Ruck(es) Kolumnen


"Love it or leave it"

In der nächsten Woche startet der Karneval in seine diesjährige Schlussoffensive. Höhepunkt sind wie immer die Umzüge und der Rosenmontag ist für Karnevalisten so etwas wie Ostern für die Katholiken: Der wichtigste Tag im Jahr.

Das gilt für die Mitwirkenden ebenso wie für die Massen, die am Wegesrand stehen und einfach nur zuschauen. Aber bevor die Umzüge starten, erstürmen Karnevalsgesellschaften noch Rathäuser und setzen Bürgermeister ab, machen damit möglich, was bei Wahlen häufig nicht gelingt. Auf öffentlichen Plätzen werden Biwaks errichtet, damit niemand nüchtern bleibt und in den verbliebenen Kneipen wird das Mobilar ausgeräumt, Luftschlangen an die Decke gehangen und der Bierpreis für eine Woche um 20% erhöht.

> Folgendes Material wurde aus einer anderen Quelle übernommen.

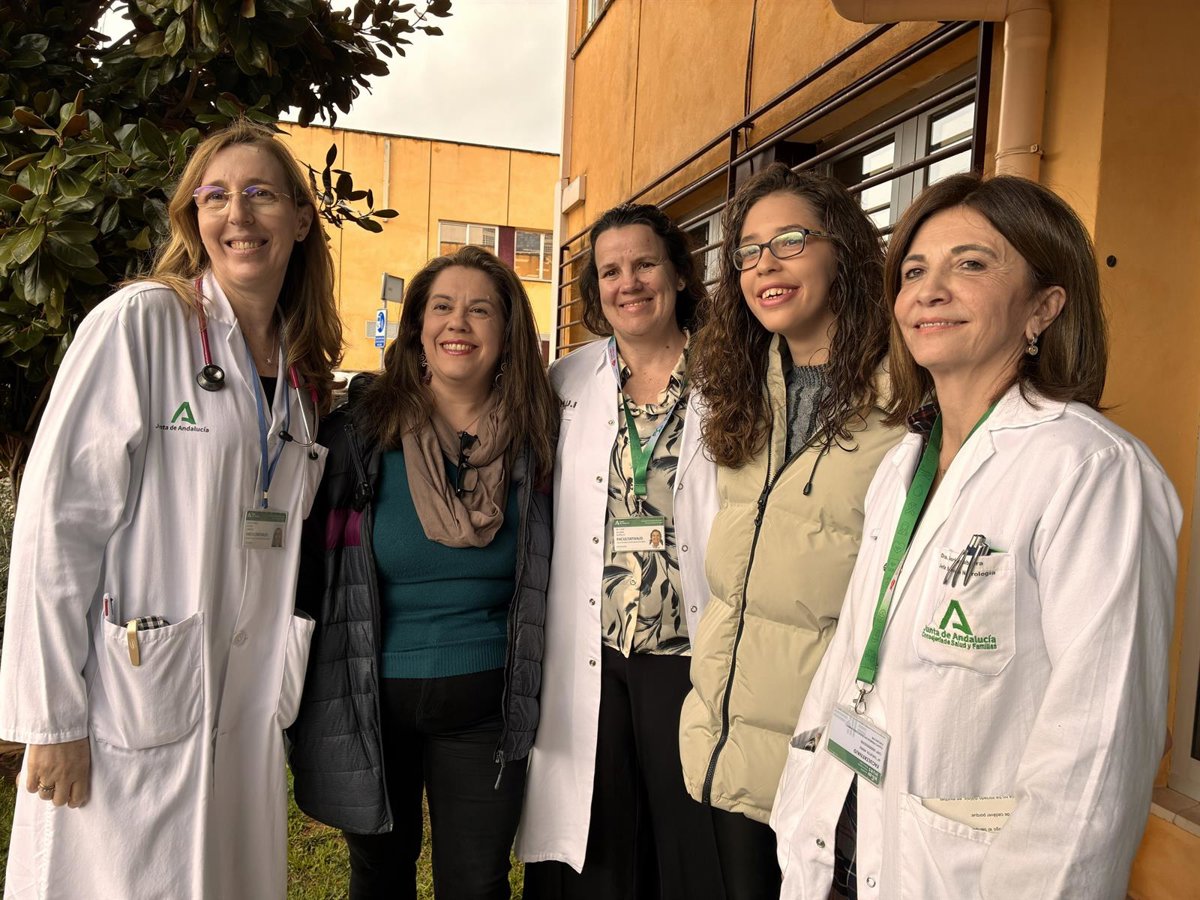 Yolanda y Sofía, madre e hija, donante y receptora, posan con sus médicas responsables. - JUNTA DE ANDALUCÍA

An Weiberfastnacht ist besonders das weibliche Personal in den wenigen noch geöffneten Geschäften bunt kostümiert und wedelt und wibbelt schon am späten Vormittag mit einer lauwarmen Flasche vom feinsten Billigsekt durch die Gegend. Aus allen Lautsprechern ertönen immer die gleichen Karnevalslieder von immer den gleichen Musikgruppen und wer nicht gerade mit Bützen oder Trinken beschäftigt ist, singt einfach die anspruchsvollen Texte mit.

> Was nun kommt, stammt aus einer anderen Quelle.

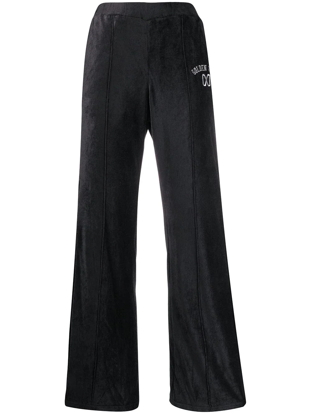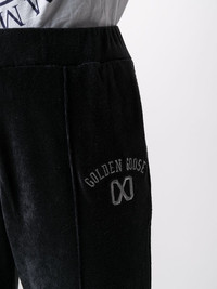 Kelly wide-leg trousers Do you think that there’s no way style and supreme comfort can come together? Think again. Cut in a relaxed fit for all-day comfort, these midnight blue Kelly wide-leg trousers from Golden Goose are living proof that you can have it all. You know you deserve it. Featuring an embroidered logo to the front, an elasticated waistband, a pull-on style and a wide leg. Made in Italy Composition Outer: Viscose 88%, Nylon 14% Lining: Viscose 64%, Cupro 36% SIZE & FIT Model measurements Height 5 ft 9 in(1.76 m) Bust/Chest 33.07 in(84 cm) Hips 34.64 in(88 cm) Waist 25.59 in(65 cm) FittingInformation This piece fits true to size. We recommend you get your regular size Cut for a loose fit Made with a mid-weight fabric Washing instructions Dry Clean Only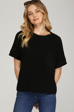 DROP SHOULDER SHORT SLEEVE SWEATER TOP WITH FRONT SIDE POCKET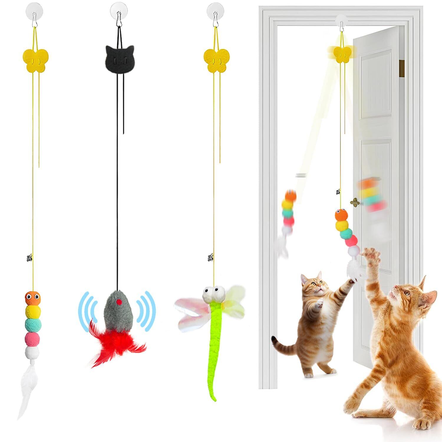 Saikoo 猫じゃらし 【ぶら下げる】 一人遊び 飽きない 猫 おもちゃ 鈴付き 軽量 無毒で安全 猫 玩具 運動不足 筋力不足 ストレス解消 知恵トレー 狩猟本能を刺激 猫のおもちゃシニア猫 成猫 子猫用 ネズミ トンボ 羽3点セット

„Nä, wat es dat schön“, sagen die Karnevalsbegeisterten und es sei ihnen hier ausdrücklich gegönnt.

„Nix wie weg“, sagen dagegen Karnevalsmuffel, die eigentlich gar keine Muffel sind, aber eine andere Art von Fröhlichkeit  genießen.

Und so existiert schon seit vielen Jahren eine besondere Art von Flüchtlingsbewegung, die stetig wächst: Die Karnevals-Flüchtlinge entfliehen dem lauten Treiben, machen „über die Tage“ einen Wellness-Urlaub oder erholen sich anderweitig  in karnevalsfreien Zonen. Halbe Sachen bringen während der tollen Tage einfach keinen Genuss: Entweder man ist dabei oder bleibt weg, deshalb: „Love it or leave it“.

Wir von BONNDIREKT wünschen allen Karnevalisten viel Spaß und versprechen, euch diese Woche mit kritischen und satirischen Kommentaren in Ruhe zu lassen. Bei uns geht es erst nach Aschermittwoch wieder ‚rund‘. Ab diesem Termin sorgt ja traditionell die Kommunalpolitik wieder für Lachanfälle bei der Bevölkerung, während sich echte Karnevalisten auch mal erholen müssen und Kraft für die nächste Session sammeln.  

Zwei- bis dreimal "Alaaf" oder "Helau" oder "Helaaf" oder "Alau" oder "Aloha" oder was auch immer!